NetBSD Problem Report #55185
From martin@aprisoft.de Sat Apr 18 12:46:13 2020
Return-Path: <martin@aprisoft.de>
Received: from mail.netbsd.org (mail.netbsd.org [199.233.217.200])
(using TLSv1.2 with cipher ECDHE-RSA-AES256-GCM-SHA384 (256/256 bits))
(Client CN "mail.NetBSD.org", Issuer "mail.NetBSD.org CA" (not verified))
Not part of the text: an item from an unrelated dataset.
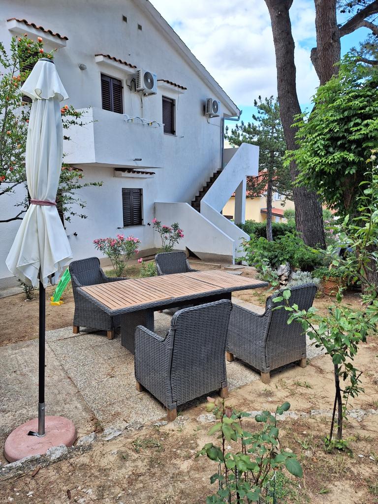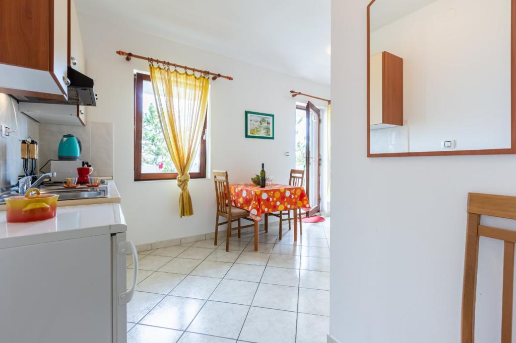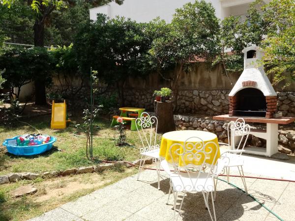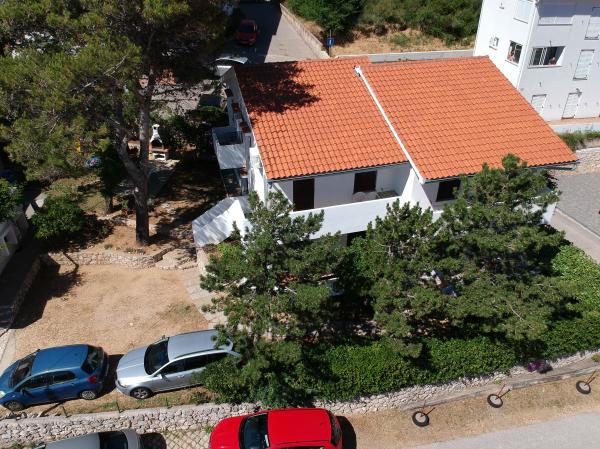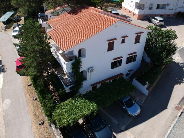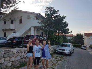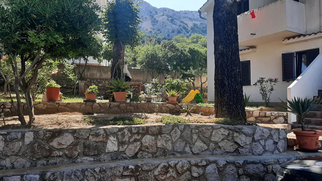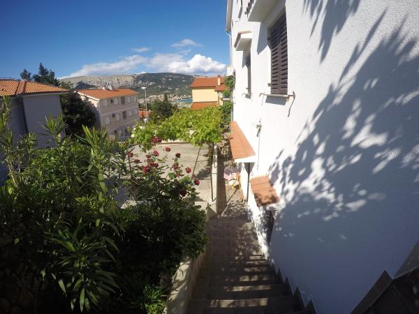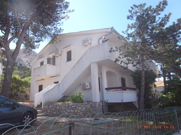 Nalazimo se u lijepoj i novoj kući, okruženoj zelenilom u mirnom dijelu mjesta Baška na otoku Krku, 250 metara od mora, a cca 300 metara od prelijepe i jedinstvene šljunčane plaže. Udaljeni smo oko 1000 metara od centra mjesta, gdje se nalaze poštanski ured, banka, mjenjačnica, ambulanta, restorani. Najbliže trgovine , restorani i sl. se nalaze i na cca 200 metara udaljenosti. Nudimo vam 3 apartmana za 4 -5 osoba i 3 Studio apartmana za 2-3 osobe. Svaki od velikih apartmana ima 2 spaveće sobe, dnevni boravak, kuhinju, kupaonicu, terase. Svaki apartman ima poseban ulaz i izlaz u dvorište i na parkiralište. Svi apartmani opremljeni su klima uređajima, TV sat, wireless internet (WI-FI), hladnjak, aparat za kavu, masina za pranje posudja itd. Brigu o gostima i aprtmanima tijekom sezone osim vlasnice vodi i domaćica, koja je cjelodnevno prisutna. Posteljina i ručnici se mijenjaju jednom tjedno
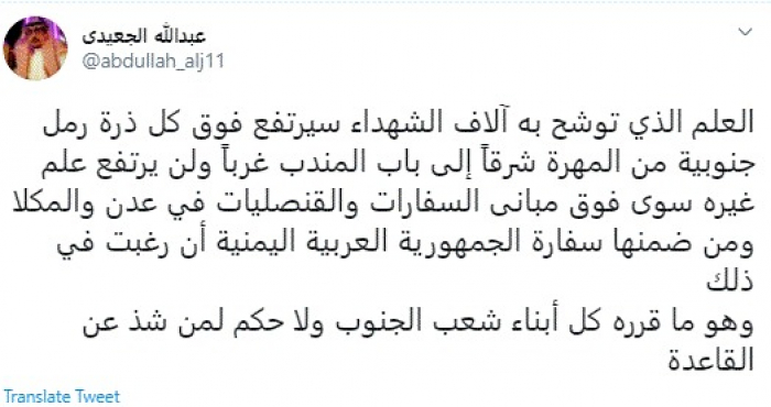 وكتب في تغريدة عبر "تويتر" رصدها "المشهد العربي": "العلم الذي توشح به آلاف الشهداء سيرتفع فوق كل ذرة رمل جنوبية من المهرة شرقًا إلى باب المندب غربًا ولن يرتفع علم غيره سوى فوق مبانى السفارات والقنصليات في عدن والمكلا ومن ضمنها سفارة الجمهورية العربية اليمنية أن رغبت في ذلك وهو ما قرره كل أبناء شعب الجنوب ولا حكم لمن شذ عن القاعدة".

by mollari.NetBSD.org (Postfix) with ESMTPS id 1D3951A9213
for <gnats-bugs@gnats.NetBSD.org>; Sat, 18 Apr 2020 12:46:13 +0000 (UTC)
Message-Id: <20200418124603.3AA9B5CC803@emmas.aprisoft.de>
Date: Sat, 18 Apr 2020 14:46:03 +0200 (CEST)
From: martin@NetBSD.org
Reply-To: martin@NetBSD.org
To: gnats-bugs@NetBSD.org
Subject: Can not boot a LOCKDEBUG kernel
X-Send-Pr-Version: 3.95
>Number: 55185
>Category: kern
>Synopsis: Can not boot a LOCKDEBUG kernel
>Confidential: no
>Severity: critical
>Priority: high
>Responsible: kern-bug-people
>State: open
>Class: sw-bug
>Submitter-Id: net
>Arrival-Date: Sat Apr 18 12:50:00 +0000 2020
>Last-Modified: Sat May 02 09:20:01 +0000 2020
>Originator: Martin Husemann
>Release: NetBSD 9.99.56
>Organization:
The NetBSD Foundation, Inc.
>Environment:
System: NetBSD seven-days-to-the-wolves.aprisoft.de 9.99.56 NetBSD 9.99.56 (GENERIC) #382: Mon Apr 13 13:20:58 CEST 2020 martin@seven-days-to-the-wolves.aprisoft.de:/work/src/sys/arch/amd64/compile/GENERIC amd64
Architecture: x86_64
Machine: amd64
>Description:
I am trying to boot a DIAGNOSTIC/DEBUG/LOCKDEBUG kernel, but it fails:
[ 20.3553975] nouveau0: info: NVIDIA GF104 (0c4100a1)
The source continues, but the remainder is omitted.